How to show that if $9n^2=a^2+b^2$, $a$ and $b$ are multiples of $3$

Question

To be honest, I don't know where to start with this problem:

Let $n\in \mathbb{N}$. Prove that if $9n^2$ is the sum of two perfect squares $(a^2,b^2)$, then $a$ and $b$ are multiples of $3$.

Answer 1

Taking $9n^2=a^2+b^2$ modulo $3$, we get $$0\equiv a^2+b^2\pmod{3}$$ Now, mod $3$, we have $0^2\equiv 0, 1^2\equiv 1, 2^2\equiv 1$. The only way two of these sum to $0$ is $0+0$, so $a^2,b^2$ are both equivalent to $0$ mod $3$.

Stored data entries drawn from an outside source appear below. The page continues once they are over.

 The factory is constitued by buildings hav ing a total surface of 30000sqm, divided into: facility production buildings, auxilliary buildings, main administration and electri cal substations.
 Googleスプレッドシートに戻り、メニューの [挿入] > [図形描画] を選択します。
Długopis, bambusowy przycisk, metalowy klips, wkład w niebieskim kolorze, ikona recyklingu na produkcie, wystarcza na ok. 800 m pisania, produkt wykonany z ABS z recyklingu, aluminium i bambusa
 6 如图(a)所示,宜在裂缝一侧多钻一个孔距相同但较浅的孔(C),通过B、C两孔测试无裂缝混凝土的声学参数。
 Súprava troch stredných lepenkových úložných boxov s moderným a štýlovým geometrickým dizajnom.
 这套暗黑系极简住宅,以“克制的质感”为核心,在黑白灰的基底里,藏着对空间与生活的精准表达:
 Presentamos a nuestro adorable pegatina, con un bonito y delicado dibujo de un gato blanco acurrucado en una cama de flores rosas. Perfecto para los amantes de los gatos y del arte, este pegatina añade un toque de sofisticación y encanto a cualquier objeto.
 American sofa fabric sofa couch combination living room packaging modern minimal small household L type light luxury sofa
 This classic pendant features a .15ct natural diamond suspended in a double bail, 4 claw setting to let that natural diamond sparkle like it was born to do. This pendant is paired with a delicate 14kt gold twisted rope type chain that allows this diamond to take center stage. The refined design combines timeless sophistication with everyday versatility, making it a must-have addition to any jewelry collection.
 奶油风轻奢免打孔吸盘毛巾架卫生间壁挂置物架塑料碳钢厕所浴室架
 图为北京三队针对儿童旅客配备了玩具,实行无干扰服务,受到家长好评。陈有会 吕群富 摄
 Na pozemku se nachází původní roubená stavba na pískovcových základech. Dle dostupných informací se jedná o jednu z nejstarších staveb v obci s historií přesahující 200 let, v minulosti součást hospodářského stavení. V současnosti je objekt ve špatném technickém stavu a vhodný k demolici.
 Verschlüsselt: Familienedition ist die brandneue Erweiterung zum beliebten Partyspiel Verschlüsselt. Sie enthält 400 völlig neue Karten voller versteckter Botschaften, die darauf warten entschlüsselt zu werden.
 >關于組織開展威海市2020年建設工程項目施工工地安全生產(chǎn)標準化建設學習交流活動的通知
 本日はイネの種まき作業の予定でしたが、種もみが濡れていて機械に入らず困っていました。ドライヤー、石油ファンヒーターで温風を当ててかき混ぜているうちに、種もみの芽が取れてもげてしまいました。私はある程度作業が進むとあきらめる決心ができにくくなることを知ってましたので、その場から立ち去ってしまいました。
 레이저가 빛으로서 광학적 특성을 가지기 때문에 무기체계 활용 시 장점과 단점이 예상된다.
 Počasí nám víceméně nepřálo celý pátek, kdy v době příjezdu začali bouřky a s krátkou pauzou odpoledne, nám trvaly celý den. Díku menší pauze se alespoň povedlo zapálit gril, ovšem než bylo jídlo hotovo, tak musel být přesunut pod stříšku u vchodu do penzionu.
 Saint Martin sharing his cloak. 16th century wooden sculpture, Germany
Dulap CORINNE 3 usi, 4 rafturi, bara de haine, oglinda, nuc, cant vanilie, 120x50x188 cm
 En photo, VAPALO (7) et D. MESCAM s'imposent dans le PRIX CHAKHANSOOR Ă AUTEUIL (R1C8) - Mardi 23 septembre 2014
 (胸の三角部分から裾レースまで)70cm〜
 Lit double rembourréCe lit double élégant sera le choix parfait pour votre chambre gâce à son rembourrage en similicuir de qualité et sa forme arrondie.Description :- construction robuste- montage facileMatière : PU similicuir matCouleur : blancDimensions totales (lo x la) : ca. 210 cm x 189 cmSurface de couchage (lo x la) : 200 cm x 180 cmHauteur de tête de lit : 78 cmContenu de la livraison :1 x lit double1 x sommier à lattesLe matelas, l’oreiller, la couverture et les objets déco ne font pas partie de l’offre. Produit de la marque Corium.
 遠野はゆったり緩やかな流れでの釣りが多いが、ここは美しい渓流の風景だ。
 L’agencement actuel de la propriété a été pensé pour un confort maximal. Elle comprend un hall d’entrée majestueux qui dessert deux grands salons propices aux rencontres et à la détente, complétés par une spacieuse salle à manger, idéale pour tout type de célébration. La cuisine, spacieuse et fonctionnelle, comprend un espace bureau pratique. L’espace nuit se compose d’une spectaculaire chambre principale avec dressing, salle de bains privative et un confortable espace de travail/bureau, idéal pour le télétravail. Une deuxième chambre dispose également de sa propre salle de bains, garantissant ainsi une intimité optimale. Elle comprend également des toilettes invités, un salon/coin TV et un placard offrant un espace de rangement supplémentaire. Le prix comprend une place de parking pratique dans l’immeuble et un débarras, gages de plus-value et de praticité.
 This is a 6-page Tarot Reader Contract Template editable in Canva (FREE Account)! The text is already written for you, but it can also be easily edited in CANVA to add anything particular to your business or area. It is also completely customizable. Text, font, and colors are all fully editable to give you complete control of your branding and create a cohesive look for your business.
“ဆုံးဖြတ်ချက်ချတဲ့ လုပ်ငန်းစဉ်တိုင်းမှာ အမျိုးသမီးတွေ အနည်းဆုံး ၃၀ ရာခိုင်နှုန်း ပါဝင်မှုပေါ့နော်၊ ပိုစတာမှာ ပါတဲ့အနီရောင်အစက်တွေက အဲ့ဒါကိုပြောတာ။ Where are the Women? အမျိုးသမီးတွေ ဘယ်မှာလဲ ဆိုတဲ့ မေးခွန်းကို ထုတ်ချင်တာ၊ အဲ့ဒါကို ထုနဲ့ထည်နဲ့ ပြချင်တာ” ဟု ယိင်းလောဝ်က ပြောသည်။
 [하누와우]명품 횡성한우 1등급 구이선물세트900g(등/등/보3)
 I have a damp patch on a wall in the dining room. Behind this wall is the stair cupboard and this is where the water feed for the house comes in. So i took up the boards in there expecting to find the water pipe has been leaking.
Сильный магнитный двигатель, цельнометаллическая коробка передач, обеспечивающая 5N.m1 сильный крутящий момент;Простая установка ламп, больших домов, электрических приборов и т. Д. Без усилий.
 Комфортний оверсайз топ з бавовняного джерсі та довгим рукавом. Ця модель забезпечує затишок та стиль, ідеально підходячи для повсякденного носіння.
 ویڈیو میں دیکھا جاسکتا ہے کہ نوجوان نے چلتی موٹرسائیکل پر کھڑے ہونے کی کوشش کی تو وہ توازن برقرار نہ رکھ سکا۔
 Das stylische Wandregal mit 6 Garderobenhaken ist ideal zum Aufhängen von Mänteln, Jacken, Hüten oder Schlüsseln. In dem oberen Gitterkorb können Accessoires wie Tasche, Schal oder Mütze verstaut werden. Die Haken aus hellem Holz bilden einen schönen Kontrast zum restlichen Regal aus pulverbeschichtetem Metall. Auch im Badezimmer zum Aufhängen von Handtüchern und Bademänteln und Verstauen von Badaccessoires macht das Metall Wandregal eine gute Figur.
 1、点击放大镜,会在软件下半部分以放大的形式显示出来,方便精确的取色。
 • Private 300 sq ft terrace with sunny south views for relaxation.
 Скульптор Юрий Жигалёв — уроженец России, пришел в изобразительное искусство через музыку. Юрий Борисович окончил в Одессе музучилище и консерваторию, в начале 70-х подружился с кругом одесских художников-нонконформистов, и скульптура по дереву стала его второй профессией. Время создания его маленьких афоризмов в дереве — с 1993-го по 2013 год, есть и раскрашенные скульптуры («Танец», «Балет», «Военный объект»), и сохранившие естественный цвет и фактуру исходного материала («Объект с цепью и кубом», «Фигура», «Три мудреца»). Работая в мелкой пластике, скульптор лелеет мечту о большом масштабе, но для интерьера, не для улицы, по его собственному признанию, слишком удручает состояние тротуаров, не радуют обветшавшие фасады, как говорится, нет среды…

Hence, $3|a^2$ and $3|b^2$. However, $3$ is prime, so in fact $3|a$ and $3|b$.

Answer 2

If one of them is not, say wlog $ a $, then $ a^2 + b^2 \equiv 0 \pmod{9} $, and $ (b/a)^2 \equiv -1 \pmod{9} $ so that $ b/a $ has order $ 4 $ in the group $ (\mathbf Z/9 \mathbf Z)^{\times} $ of order $ 6 $, contradicting Lagrange's theorem.

Answer 3

To clarify on vadim's answer after concluding that $$\cases{0^2=0\equiv 0\mod3 \\1^2=1\equiv 1\mod3 \\2^2=4\equiv 1\mod3 }$$ we can make a table of all combinations: $$\begin{array}{|cc|cc|}\hline a(mod3)&b(mod3)&a^2(mod3)&b^2(mod3)\\\hline 0&0&0&0\\0&1&0&1\\0&2&0&1\\1&0&1&0\\1&1&1&1\\1&2&1&1\\2&0&1&0\\2&1&1&1\\2&2&1&1\\\hline\end{array}$$

we can see that the only way to sum to something divisible by 3 is the first, where both combinations are $0\mod 3$

Answer 4

Logically speaking, $$9n^2 = a^2 + b^2 \iff \left({a\over3}\right)^2 + \left({b\over3}\right)^2 = n^2.$$ It is clear that $n^2 \in \mathbb Z$, but because $a^2, b^2$ are perfect squares, then $a,b,n\in\mathbb Z$. Can you see where to take it from here?